Она добралась до середины моста и села. Потом закрыла глаза и запела.
Ее чистый голос поднимался ввысь. Знакомые слова множились, превращались в залпы эха, и стало казаться, что поют тысячи монахов. Звуки нарастали слой за слоем, и Чжу ощутила в воздухе странную дрожь, она была похожа на ужас, проявляющийся вне ее тела. Волосы на ее руках встали дыбом.
Она позвала, а Небеса слушали.
Она встала и сняла со спины висящий на ремне гонг. Ударила в него, и звук зазвенел и понесся через озеро. Неужели статуи наклонились к ней, чтобы услышать?
– Слава Сияющему Принцу! – выкрикнула она и ударила в гонг второй раз. – Пусть царствует он десять тысяч лет!

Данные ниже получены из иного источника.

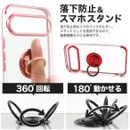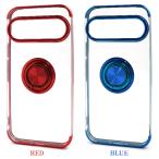 落下防止用のスマホリングが付いた、メタルカラーバンパーソフトクリアケースです。

В третий раз она ударила в гонг, и Красные повязки вышли из оцепенения. Они взревели и затопали ногами, как раньше делали в присутствии самого Сияющего Принца, да так мощно, что мост задрожал и ущелье взревело в ответ.
Единственным ответом генерала-евнуха была поднятая рука. Стоящие у него за спиной лучники Юань натянули тетиву. Чжу это видела, будто во сне. Внутри у нее был лишь идеально чистый, яркий свет веры и мечты. «Желание – это источник всех страданий». Чем сильнее желание, тем больше страдание, а сейчас она желала самого величия. Сосредоточив всю силу воли, она направила эту мысль в Небо и наблюдающим статуям: «Каким бы ни было страдание, я смогу его выдержать».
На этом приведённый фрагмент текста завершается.